When I was Secondary 4, I fell hard for an angel. As it unfolded, I wrote at the same time, documenting the happiness she made me feel and at the same time the torn feeling I felt liking her. I called it “Of Floortiles and Her” because everytime she passed me, I was so overwhelmed I couldn’t look at her at all and would start at the grey-pink tiles that lined the floor of my old school.

My memory fails me when it comes to quite pinpointing when it first started, or what triggered it off per se. The main factor was that somehow even though we were in different classes, I saw her almost everyday (or perhaps it was everyday). We had the same social studies and history class, plus I had literature with her.

There was just something about her. The way she smiled, a little shy sort of smile, like she was unsure of something, just melted my heart – and her small eyes crinkling into oblivion did nothing to aid the calming of my heart either.

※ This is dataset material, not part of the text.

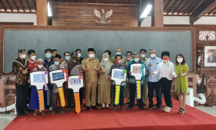 fokusbanyumas.id, Kebumen – Rotary Internasional yang bekerja sama dengan Rotary Club Yogya Tugu dan Rotary Club Walet Kebumen menyerahkan 5 kunci secara simbolis di pendopo rumah dinas bupati Kebumen, Senin (25/10/21), dari lima rumah tidak layak huni (RTLH) yang berhasil direhab di Kebumen.

I wouldn’t describe what I felt for her as love in the conventional sense either. It was certainly a crush, but it seemed somehow very motherly in nature. I had absolutely neither sexual nor possessive romantic notions of her, the way one might feel in a conventional crush. Instead what I felt was an urge to protect her from the terrors of the world outside, to hold her and to take care of her and protect the good heart I saw within her from becoming hardened.

I suppose a large part of it was due to the fact that she possessed many of the things I did not and hence respected. She was a well-liked figure in school, intelligent and a top scorer, a relatively high ranking prefect and one of the top athletes in school. I was scraping the barrel academically, thin as a reed and feeling isolated from my classmates. The disparity could not have been greater. I suppose everything just clicked nicely during that time and I started to notice my heart beating faster everytime she approached and the surge of happiness I felt when I saw her.

I used to run into her in the bathroom a lot for some inexplicable reason. I think she used it a lot because she drank a lot of water whereas I just liked going for a walk in the middle of class. I did the same thing in ACSI, so I can’t be called some random bathroom stalker. I’d walk in, see her, and she’d smile at me then leave. And then I’d be floating from a massive pseudo-sugar high for the next few hours.

It created a massive conflict in me because of my religion. I was and still am a Christian, and though I personally believe that homosexuality is one of the lesser sins, it is still a sin nonetheless. To others, I didn’t mind, I even respected them for having the daring to do so – but years and years of drilling had affected my consciousness and I felt guilty nonetheless. She brought such joy to my heart, yet it made me feel so guilty inside. The effect on my psyche was overwhelming and I felt so terrible inside everyday.

The last time I saw her was in July 2007 when we call convened back in school for our graduation ceremony. I was just about to leave, sweating about in my nude stockings and blouse in 30 degree humid weather (oh I can’t remember feeling that way anymore after being back in England for more than a month), I saw her leave. As she walked off, she turned around and smiled that beautiful smile at me for one last time before heading off for the rest of her life. I smiled in return.